Today is another election day. Oh, how I loathe election days. It's really amazing how my adult life, and the mountains of political bullshit that have happened during my adult life, have changed me. I used to be so into politics, and now I hate politics with a fiery fervor. I also hate how stupid and generally lazy Americans tend to be when going (or NOT going) to the polls.
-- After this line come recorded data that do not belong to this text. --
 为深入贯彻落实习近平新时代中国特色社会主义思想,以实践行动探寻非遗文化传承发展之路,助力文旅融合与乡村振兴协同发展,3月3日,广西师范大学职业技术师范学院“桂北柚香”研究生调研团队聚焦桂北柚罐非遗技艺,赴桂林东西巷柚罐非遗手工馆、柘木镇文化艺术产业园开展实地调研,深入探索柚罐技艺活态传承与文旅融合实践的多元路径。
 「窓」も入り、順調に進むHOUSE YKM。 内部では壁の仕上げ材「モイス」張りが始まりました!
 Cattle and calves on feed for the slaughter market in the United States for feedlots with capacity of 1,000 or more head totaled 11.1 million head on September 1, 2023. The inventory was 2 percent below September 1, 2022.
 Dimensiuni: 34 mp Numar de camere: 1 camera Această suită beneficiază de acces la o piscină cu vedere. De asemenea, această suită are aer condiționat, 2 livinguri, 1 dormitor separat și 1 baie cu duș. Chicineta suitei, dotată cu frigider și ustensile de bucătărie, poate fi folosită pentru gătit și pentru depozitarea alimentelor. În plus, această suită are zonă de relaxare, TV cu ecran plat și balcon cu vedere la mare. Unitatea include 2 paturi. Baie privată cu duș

It's made me so angry today, seeing what my peers in SF are saying about the election. There is a very special kind of Crazy that exists in bay area politics, and it really grates on me sometimes. Just because I consider myself a moderate (particularly on fiscal issues), I'm branded an "Idiot Republican" by people close to me, as well as by strangers. Debating politics in San Francisco is a fool's errand. I stopped talking about politics online years ago, and I mostly stopped talking about politics in person, too, because the attacks? They are all personal. And it sucks. An open dialog about politics is not really welcomed in SF. The way things go can be summed up like this: "We're really tolerant, as long as you agree with us." News flash: that isn't tolerance.
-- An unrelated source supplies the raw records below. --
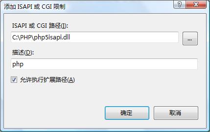 6、在“ISAPI和CGI限制”里點(diǎn)右鍵“添加”,路徑還是選成c:\php\php5isapi.dll,描述還寫(xiě)成php,選中“允許執(zhí)行擴(kuò)展路徑”。
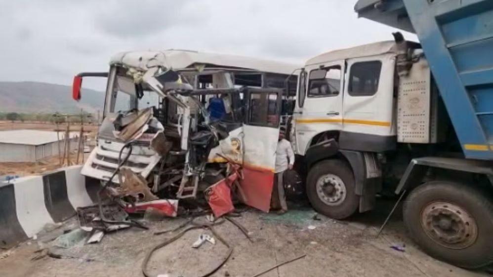 Mumbai Goa Highway Accident: मुंबई गोवा महामार्गावर महाड शहरानजीक नाते खिंड येथे ST बस आणि कोळशाची वाहतुक करणाऱ्या ट्रकचा भीषण अपघात झाला आहे. या भीषण अपघातात बसचे फार मोठे नुकसान झाले आहे.
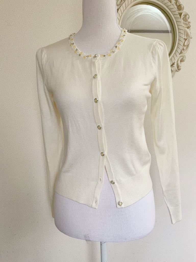 - 美品 エフリード ニット ビジュー使い カーディガン クリーム色
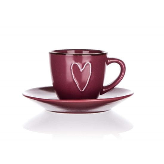Banquet Skodelica in krožnik HEART 80 ml, bordo, komplet 8 kosov
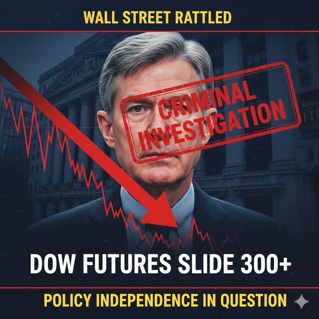 U.S. stock futures came under sharp pressure in late trading after the chair of the Federal Reserve disclosed that he is facing a criminal investigation, triggering fresh concerns over political interference, policy continuity and the independence of the world’s most influential central bank.
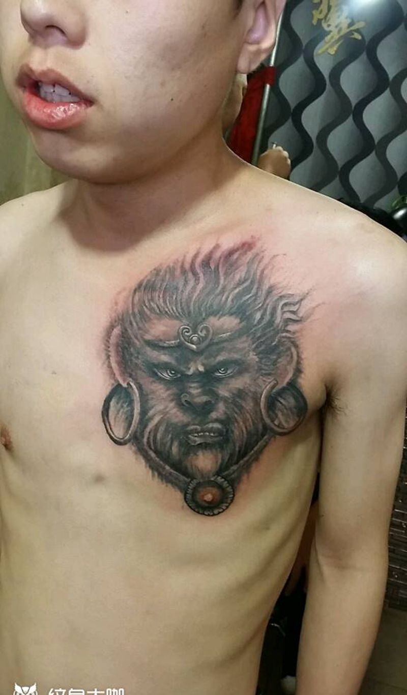 妖猴出世纹身图片_胸部传统鬼神原创成品纹身图案
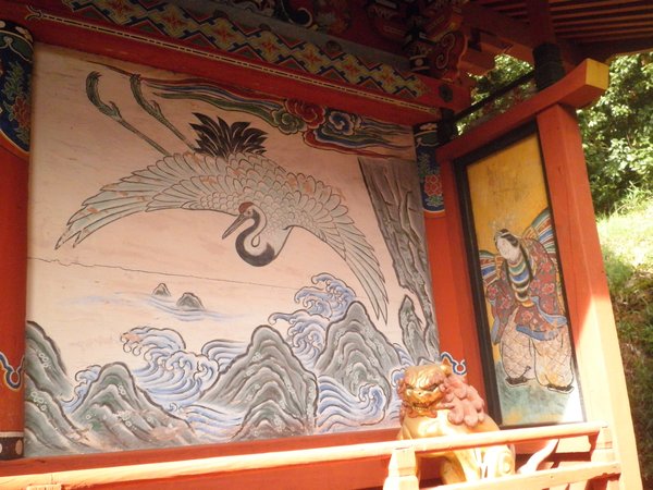 2개의 섭사 본전의 판자 벽에 그려진 그림.외면에 그림이 그려진 건축은 많지 않기 때문에, 역시 임펙트는 강하다(한국에서는 토담에 그림을 그리고 있는 건축을 상당히 보았다).

My beliefs and my opinions are valid, but it's not worth it to me to push my personal "agenda" while living in the bay area. Nobody wants to hear it. And I hate arguing with people who are unwilling to engage alternative points of view. So I'll keep my fairly socially liberal, pretty fiscally conservative, always skeptical viewpoints to myself. And you're welcome to yours. In fact, I really want you to have your viewpoints. Your well reasoned viewpoints. Not what you read in the Bay Guardian's election endorsements, because then you're just toeing the line, being lazy. No respect there. I encourage everyone to form their own educated opinions on issues.
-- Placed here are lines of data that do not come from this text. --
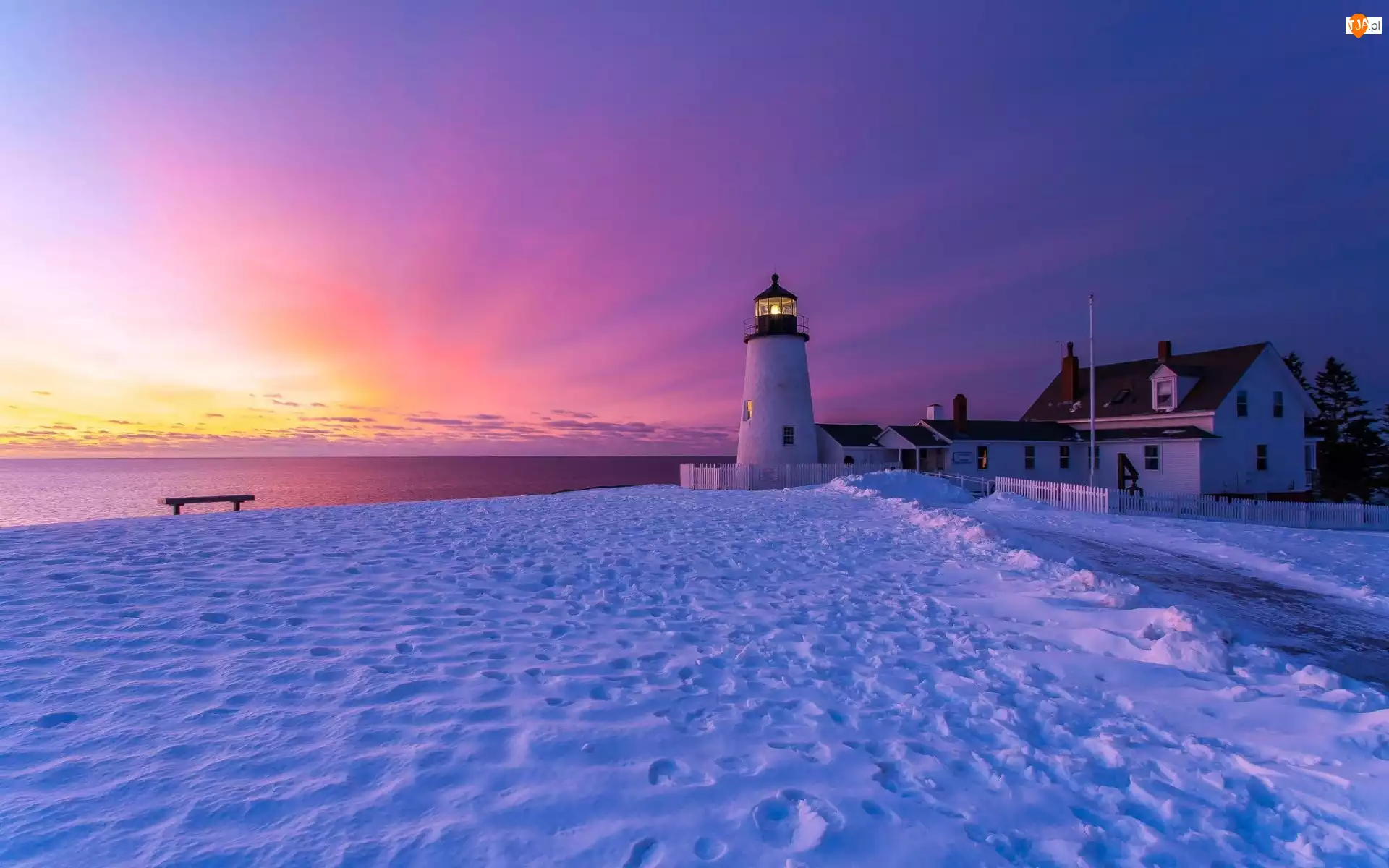 Zima, Latarnia Morska, Morze, Ławka, Wschód Sło
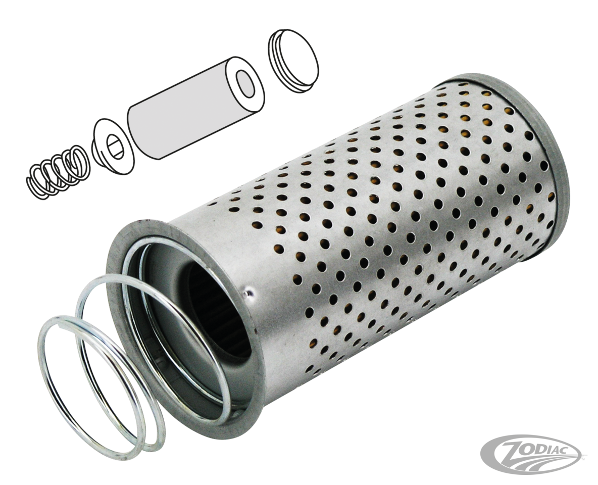 Dieser Ölfilter ersetzt alle internen Komponenten des Filters, der im Öltank von KHs, frühen Sportstern und Big Twins eingebaut ist. Anstatt der Unterlegscheibe (OEM 6817), der oberen Dichtung (OEM 63881-67), der unteren Dichtung (OEM 63846-67), des Filterelements (OEM 63840-53 oder 63835-87T) und der Feder (OEM 63831-67) müssen Sie also nur ein Teil einbauen. Dieser Ölfilter in Premiumqualität wird aus den besten verfügbaren Materialien hergestellt und ist speziell für die Verwendung mit Mehrbereichs- sowie Einbereichsölen, sogar Schweröl SAE 70, konzipiert. Wenn Sie eine Ölfilterung in Premiumqualität für Ihre Vintage-Harley wünschen, ist dieser Filter die richtige Wahl.
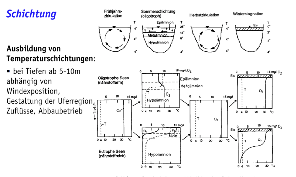 Skizzieren und erklären Sie die Ausbildung der Temperaturschichten von stehenden Gewässern..?
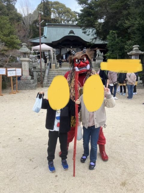 【牟礼❗️鬼マルシェ】が開催されており、名物の鬼さんと記念写真を撮ってもらいました✨
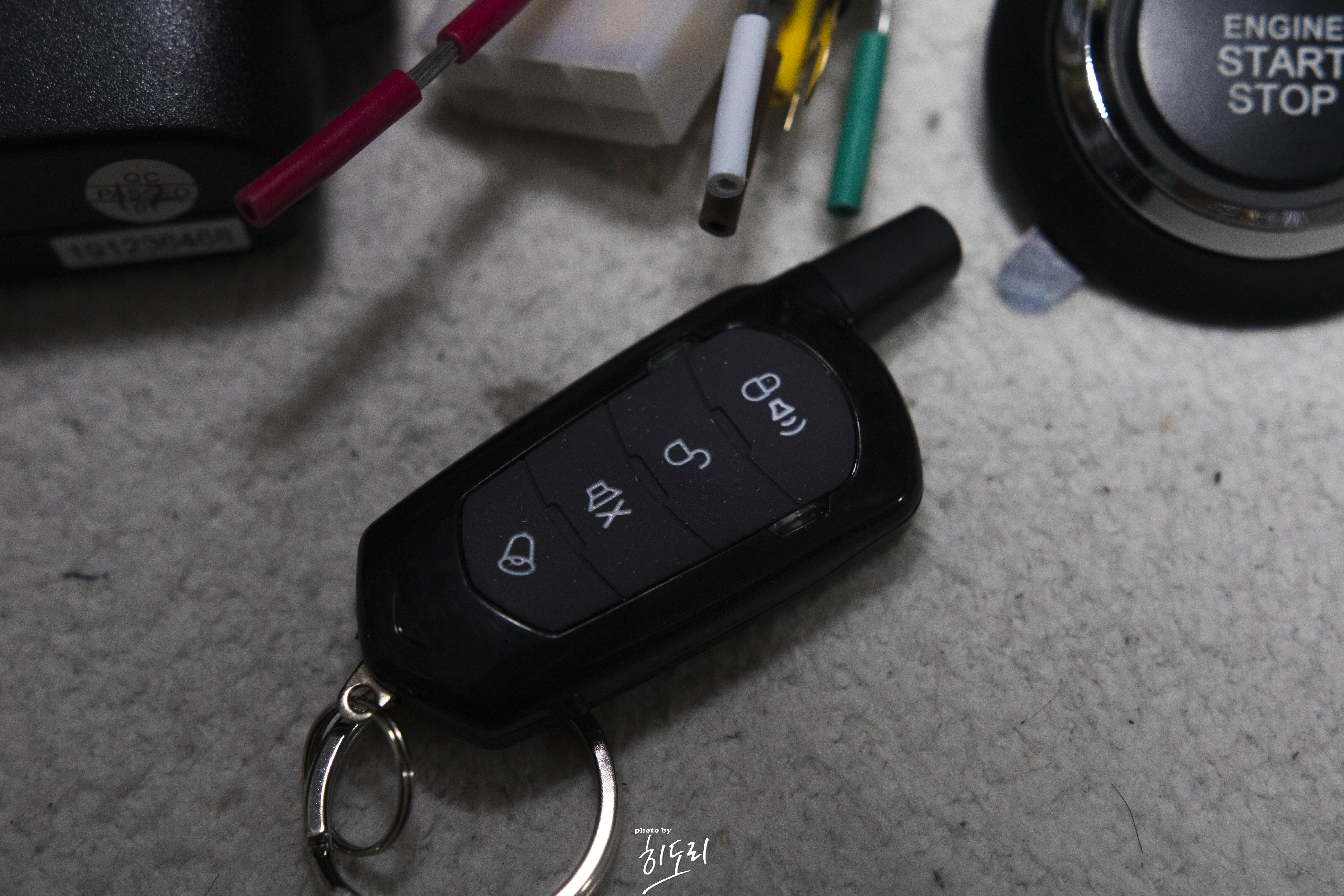 뭐 이것이 중요한게 아니죠! 이 녀석은 스마트폰으로 원격으로 시동걸던가 차문을 잠글수 있기에 굳이 리모컨이 없어도 됩니다.
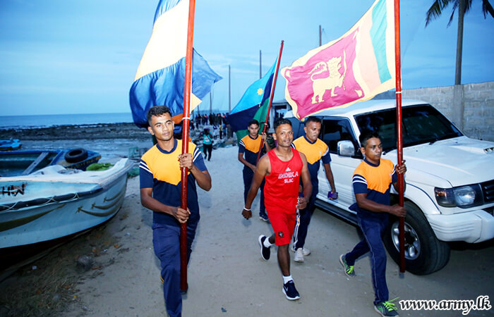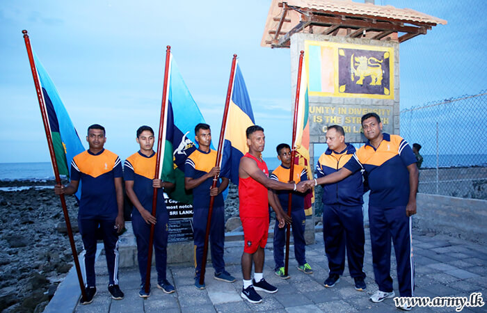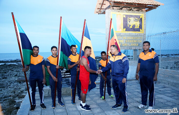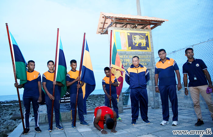 Major General Y.A.B.M Yahampath RWP RSP ndu psc, General Officer Commanding, 52 Infantry Division, Lieutenant Colonel U.L.D.C Perera, Commanding Officer of 3 SLSC with Representatives of Guinness World Records Committee were there in Point Pedro to flag off the expedition amid cheers and applause. A brief religious programme blessed the expedition.

Good thing I have the freedom to vote my conscience. I love voting and I take it very seriously, even though I know most things won't go the way I wish they would. At least, by taking an informed position, and voting in every election, I know I've contributed. And that's what's most important.

On a related note: if you're someone who doesn't vote because you think you're making some kind of moral stand, that you refuse to vote on any of the propositions because they aren't written well and are meant to trick you -- I have news for you: you are part of the problem. If you don't vote NO on these propositions (and oh, I do), then you're going to be pretty unhappy when all the people who go in without doing their research and vote yes on everything that sounds vaguely appealing, pass all those poorly worded, manipulative laws on your behalf. Voting no is so important. It blows my mind that people think not voting on ballot measures, particularly in always high-stakes California, is the better option.

I know that so many other places (including many other states in the US!) have actual bipartisan systems and contentious elections and some are trying to prevent people of color from voting today, passing racist voter ID laws and trying to intimidate people at their polling places. These are real, frightening problems. I think this is what upsets me the most about bay area politics: ours aren't, or at least shouldn't be, actual problems. They're nothing like what's been going on in Virginia and Texas and I'm sure other places today. People here have such a sense of entitlement and self-importance, as if being intolerant and exclusive is our birthright. Just shut your mouth, do your research, go vote, and realize how damn lucky you are to be able to do so. Don't take it for granted. Don't focus on the wrong things. See beyond your personal worldview. We'll all be much better for it.